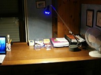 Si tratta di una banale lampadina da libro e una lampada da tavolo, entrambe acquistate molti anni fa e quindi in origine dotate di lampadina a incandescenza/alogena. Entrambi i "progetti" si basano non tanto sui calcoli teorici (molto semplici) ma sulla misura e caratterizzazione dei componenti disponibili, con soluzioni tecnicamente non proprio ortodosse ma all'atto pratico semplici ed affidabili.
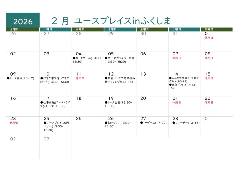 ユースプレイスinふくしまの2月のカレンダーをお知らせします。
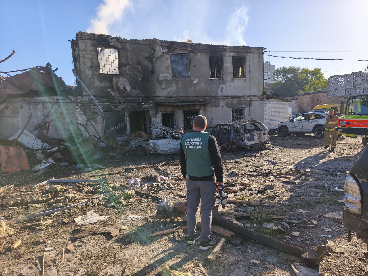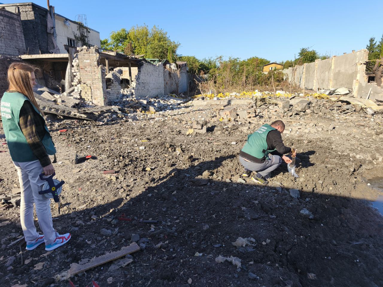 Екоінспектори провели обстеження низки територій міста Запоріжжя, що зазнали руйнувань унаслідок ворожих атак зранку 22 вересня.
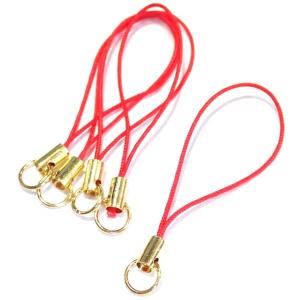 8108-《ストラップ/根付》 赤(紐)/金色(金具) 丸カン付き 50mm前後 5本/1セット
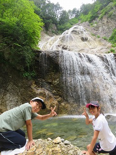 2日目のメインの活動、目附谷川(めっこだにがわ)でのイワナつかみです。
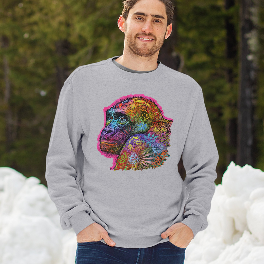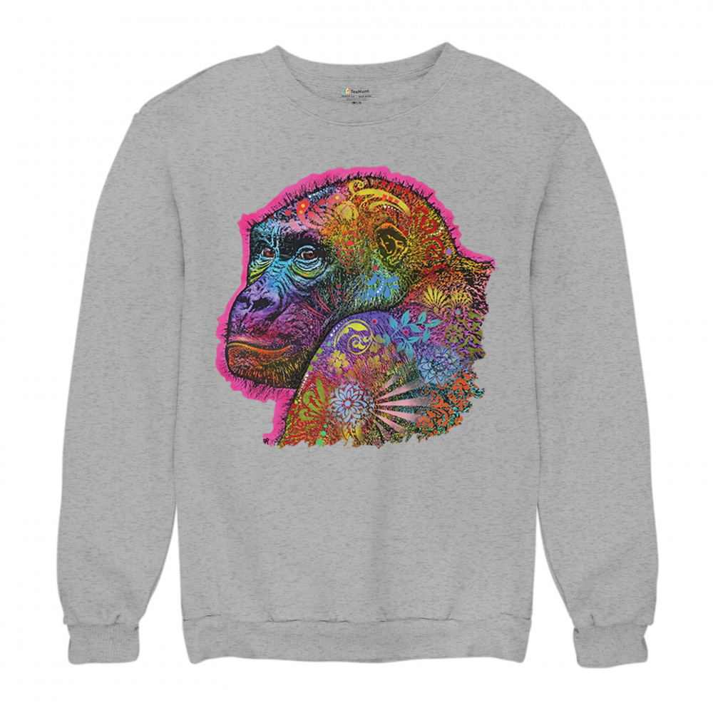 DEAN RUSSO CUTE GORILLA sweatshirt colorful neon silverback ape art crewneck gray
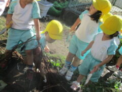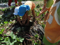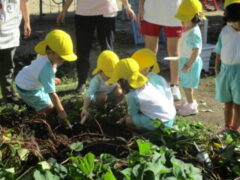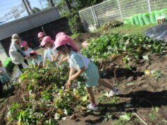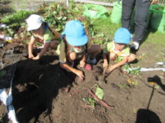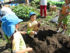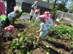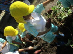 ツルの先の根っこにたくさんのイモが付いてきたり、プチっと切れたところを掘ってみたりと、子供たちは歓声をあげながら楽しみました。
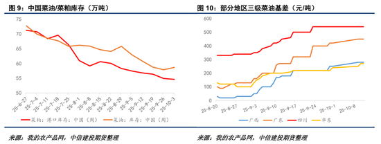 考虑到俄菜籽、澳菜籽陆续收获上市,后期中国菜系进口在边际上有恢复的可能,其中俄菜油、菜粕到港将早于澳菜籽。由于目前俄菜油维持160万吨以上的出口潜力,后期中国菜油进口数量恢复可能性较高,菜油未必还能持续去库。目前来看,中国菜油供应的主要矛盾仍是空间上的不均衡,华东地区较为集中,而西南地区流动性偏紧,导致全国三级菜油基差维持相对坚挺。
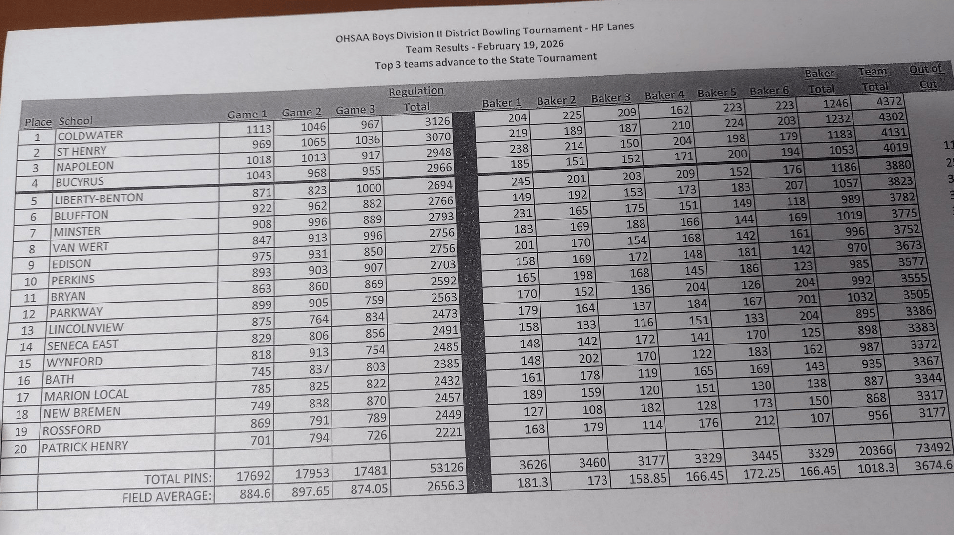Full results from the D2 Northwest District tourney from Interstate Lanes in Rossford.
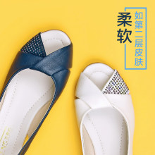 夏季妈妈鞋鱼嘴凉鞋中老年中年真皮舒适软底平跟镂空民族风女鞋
+++
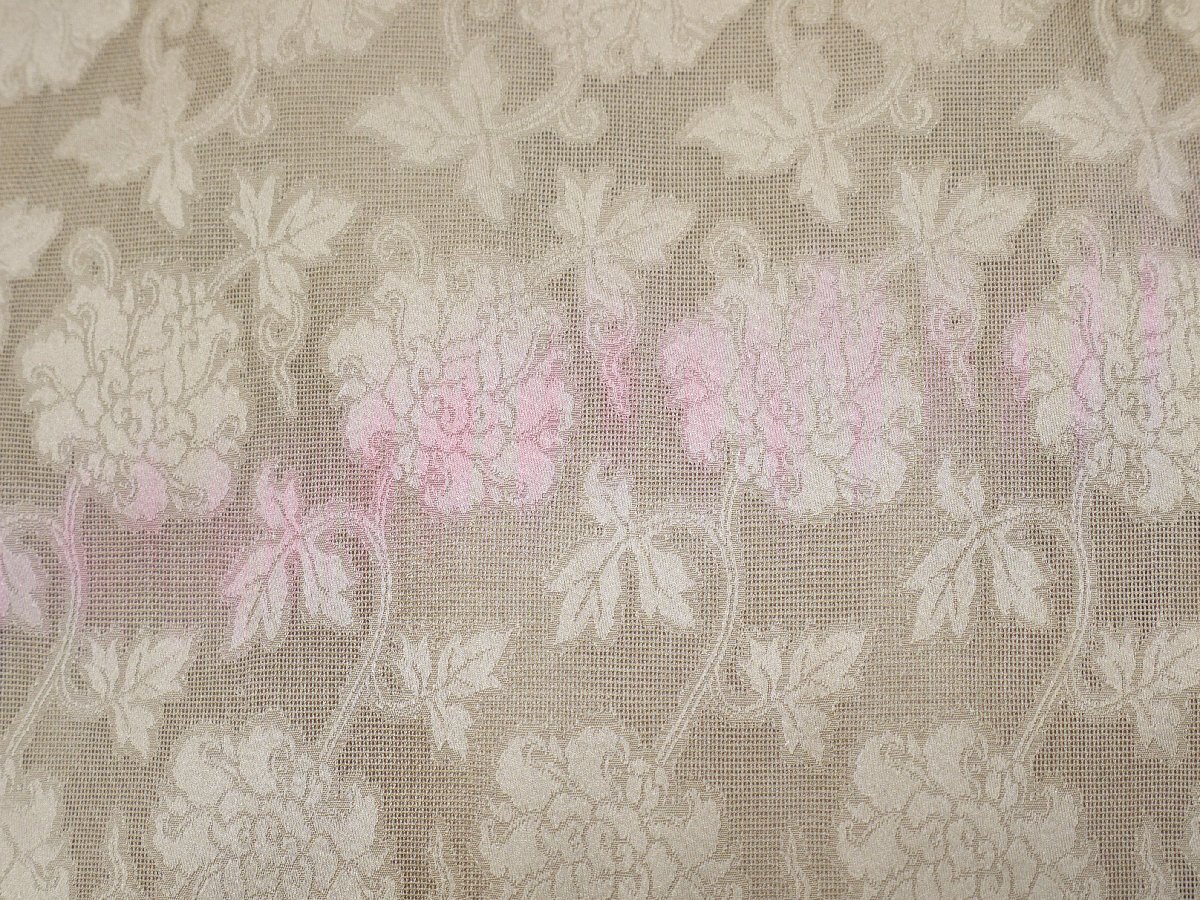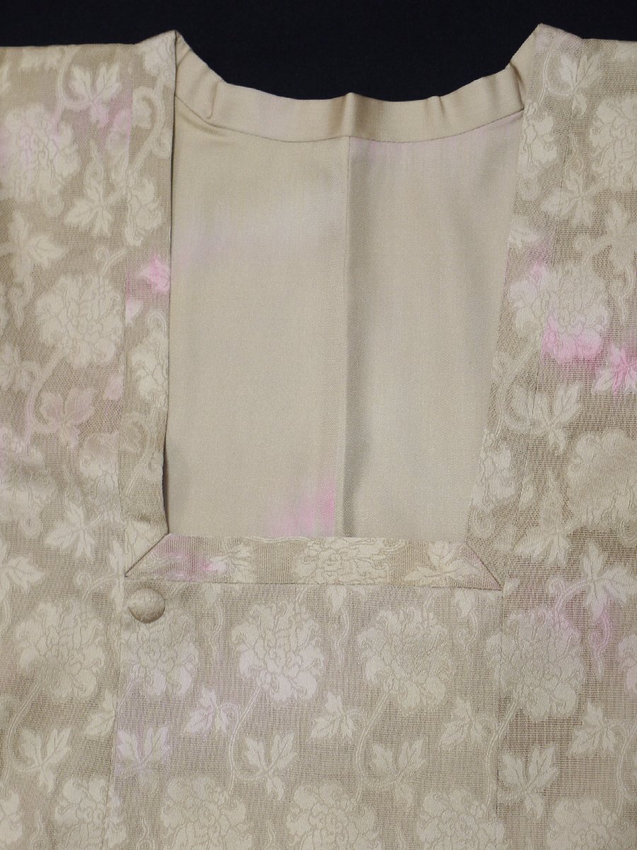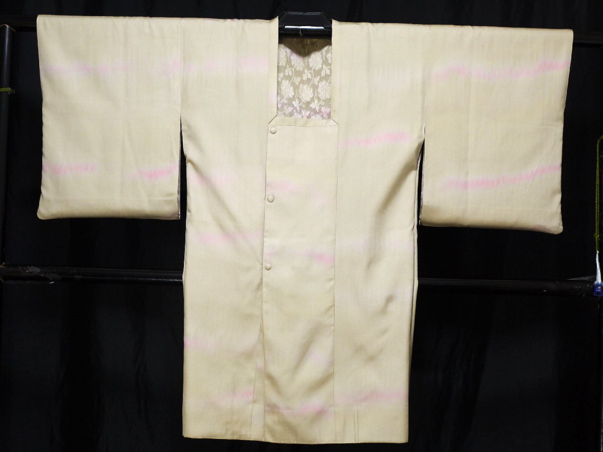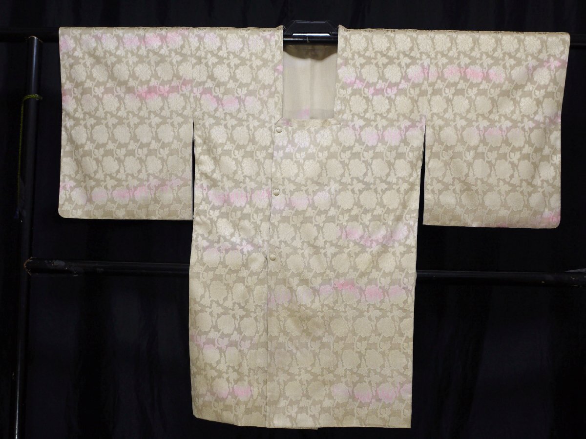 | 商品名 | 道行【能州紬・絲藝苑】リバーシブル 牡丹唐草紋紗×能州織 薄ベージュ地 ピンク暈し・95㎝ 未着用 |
+++
(Task goal): Going by the data above, the answer is exactly the lines from the one holding "Si tratta di" to the one holding "ツルの先の根っこにたくさんの", both kept, with the pictures left out.

(Task answer):
 Si tratta di una banale lampadina da libro e una lampada da tavolo, entrambe acquistate molti anni fa e quindi in origine dotate di lampadina a incandescenza/alogena. Entrambi i "progetti" si basano non tanto sui calcoli teorici (molto semplici) ma sulla misura e caratterizzazione dei componenti disponibili, con soluzioni tecnicamente non proprio ortodosse ma all'atto pratico semplici ed affidabili.
 ユースプレイスinふくしまの2月のカレンダーをお知らせします。
 Екоінспектори провели обстеження низки територій міста Запоріжжя, що зазнали руйнувань унаслідок ворожих атак зранку 22 вересня.
 8108-《ストラップ/根付》 赤(紐)/金色(金具) 丸カン付き 50mm前後 5本/1セット
 2日目のメインの活動、目附谷川(めっこだにがわ)でのイワナつかみです。
 DEAN RUSSO CUTE GORILLA sweatshirt colorful neon silverback ape art crewneck gray
 ツルの先の根っこにたくさんのイモが付いてきたり、プチっと切れたところを掘ってみたりと、子供たちは歓声をあげながら楽しみました。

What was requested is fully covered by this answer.